En forma coincidente con esa impronta, el magnate devenido en primer mandatario lanzó una operación a través de Twitter para cuestionar a los gobernadores que decidieron impulsar cuarentenas estaduales. En uno de esos Estados, Kentucky, donde las fuerzas republicanas impulsaron manifestaciones callejeras de apoyo a Trump –realizadas ex profeso sin barbijos– se produjo un inmediato crecimiento gigantesco de la transmisión del virus y los fallecimientos. Con un total de 4 millones de habitantes, Kentucky contaba el último jueves con la misma cantidad de personas fallecidas por coronavirus que la Argentina, cuya población es 10 veces superior. El viernes 24 Trump sugirió ante los medios de comunicación la posibilidad de inyectar desinfectante como forma de prevención para evitar el contagio del coronavirus. Administración de Alimentos y Medicamentos (FDA por su sigla en inglés) refutó inmediatamente al primer mandatario advirtiendo que “el consumo de "productos (como la lavandina) pueden causar náuseas, vómitos, diarrea y síntomas de deshidratación severa”. Países infinitamente menos desarrollados que Estados Unidos han evidenciado métodos más eficaces de cuidado poblacional. Esta evidencia incontrastable queda plasmada en las 50.000 personas muertas hasta el viernes y la absoluta carencia de liderazgo y cooperación internacional exhibida por Washington.

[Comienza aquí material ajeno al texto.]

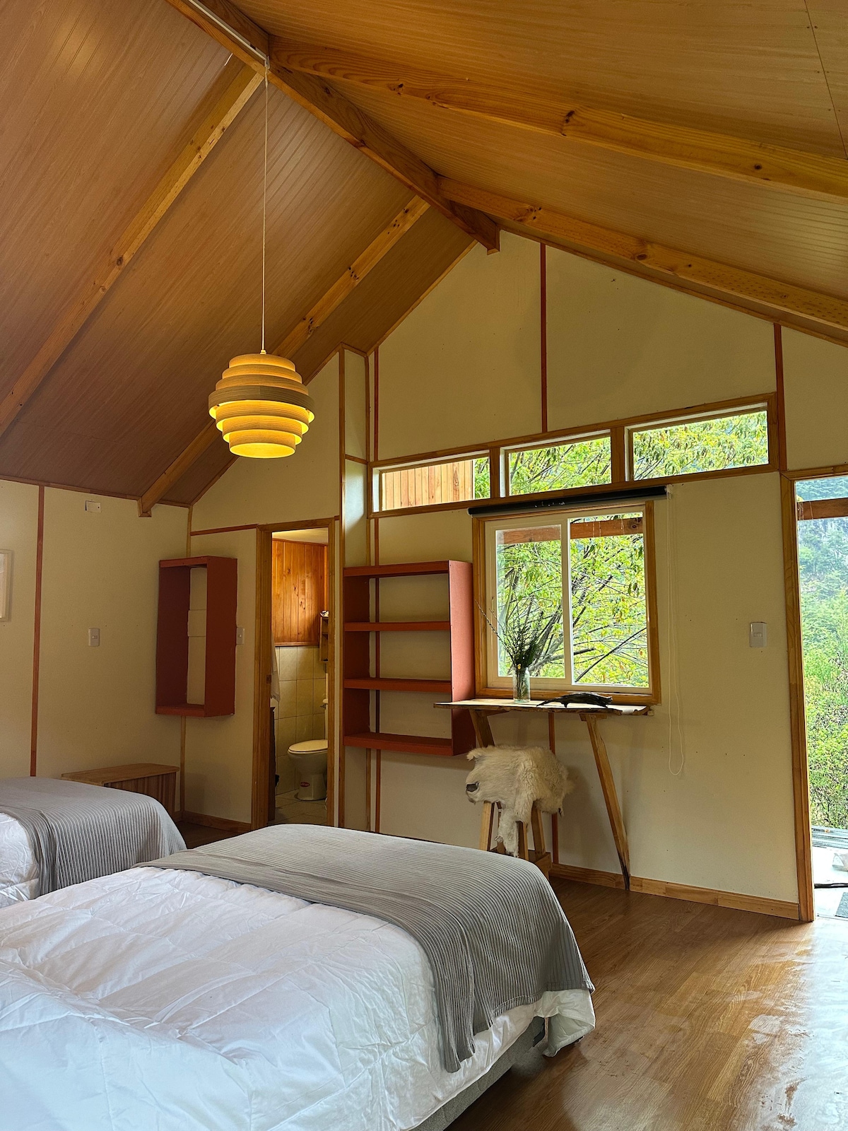 Cabaña completamente equipada , ideal para que nuestros pasajeros descansen y repongan energías, se les proporciona juegos de sabanas, la cabaña tiene cocina, calefont, Loza, cuchilleria, y todo lo que necesite.
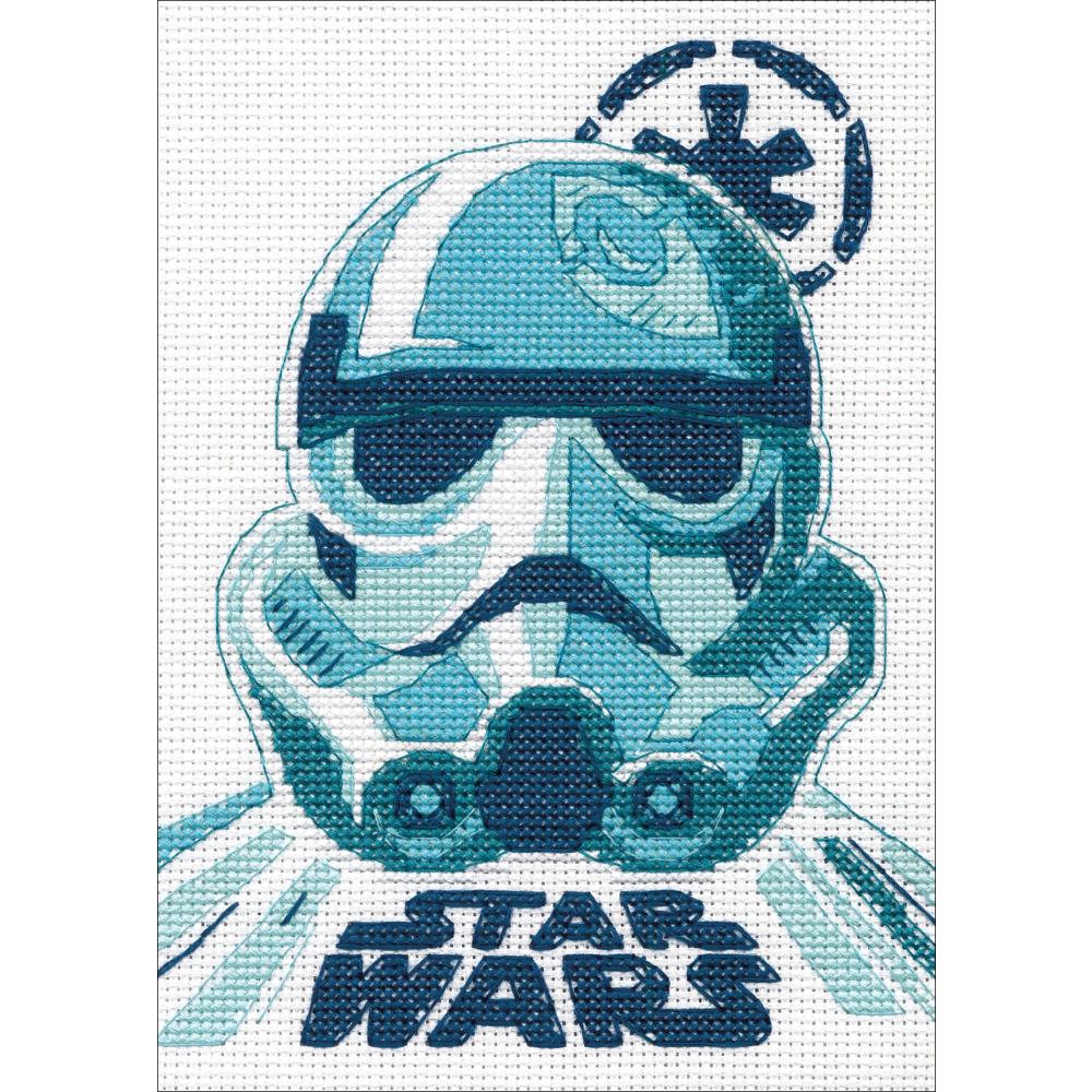 A stormtrooper, representative of the main ground force of the Galactic Empire, is featured on this Star Wars counted cross stitch design by Dimensions.
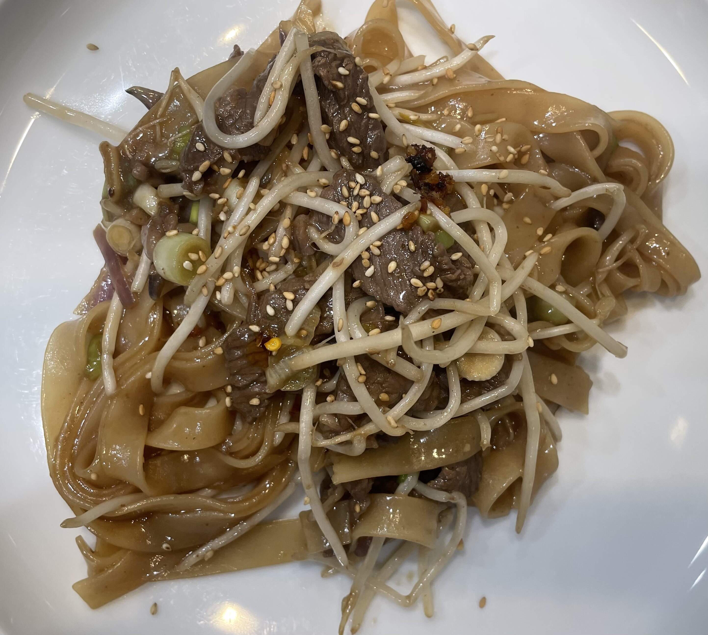 Beef Chow Fun from “That Noodle Life” - thinly sliced rib-eye steak is marinated for two hours in a mixture of light soy sauce, garlic, Shaoxing wine, toasted sesame oil and cornstarch. Afterwards, you stir-fry the meat mixture, add sliced red onions, add wide rice noodles and finish in the wok by adding a sauce made from light and dark sou sauce, Shaoxing wine, sugar and water. Finished with green onions and plenty of mung beans sprouts and served with toasted sesame seeds and chili crunch and oil

Según los funcionarios de la Organización Mundial de la Salud, el manejo de la crisis evidenciada por Trump es la más perjudicial para la salud poblacional entre todas las gestiones gubernamentales desarrolladas en el mundo.

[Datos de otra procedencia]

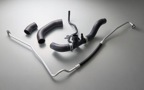 水素タンクに補填された水素をFCスタックに供給するホース。分子量が小さい水素に対する非常に高度なシール性要求に応え、いかなる条件下でも水素を車外に漏らしません。
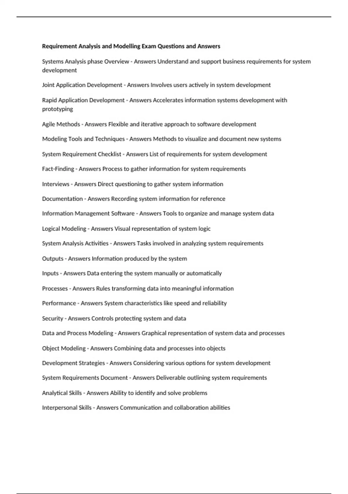 Requirement Analysis and Modelling Exam Questions and Answers
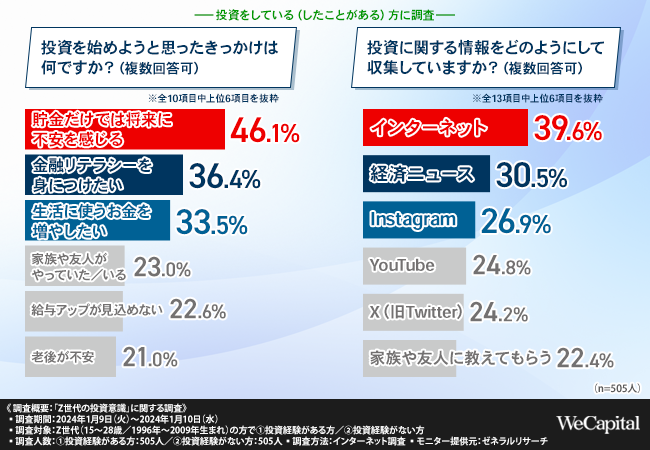 Z世代の投資経験者が情報収集に利用しているのは『インターネット』『経済ニュース』『Instagram』
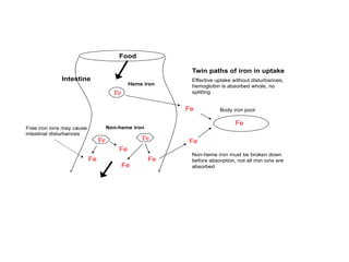 There are two types of iron in the diet: heme iron found naturally in meat which is efficiently absorbed by the body, and non-heme iron found in plants which must be broken down before absorption and often causes gastrointestinal side effects. Heme iron supplements containing bovine hemoglobin provide a natural form of iron that is easily absorbed without side effects, unlike synthetic non-heme iron supplements which are poorly absorbed and commonly cause issues. A Swedish company produces heme iron supplements that effectively treat iron deficiency without the problems of existing non-heme supplements.

Los sectores hegemónicos de todo el mundo advierten el peligro de perder peso relativo en el manejo de los resortes estructurales del Estado a manos de las turbas populares. Esa potestad del manejo de lo público, alguna vez atribuida a la democracia, ha sido renombrada –muchas veces en forma despectiva— como populismo.
La paradoja del momento es que el desconcierto que provoca la catástrofe es también un espacio para la reconfiguración de los actores sociales. El sentido común economicista aparece hoy parcialmente resquebrajado frente a las urgentes necesidades colectivas. Esta situación pone a la defensiva el criterio sacrosanto de la (mendaz) libertad individual desgajada de lo social. La pandemia (paralela) que sufre el neoliberalismo es la desestructuración de sus verdades impuestas tras medio siglo de represiones, imposiciones de sentido común y operaciones intelectuales (financiadas por las corporaciones). El Rey Neoclásico empieza a estar desarropado aunque quizás falte un actor social que lo deje completamente desnudo. Las crisis –la historia suele enseñarnos– son buenos momentos para la irrupción articulada de esos actores capaces de pensar y a actuar sin las anteojeras del pensamiento anquilosado.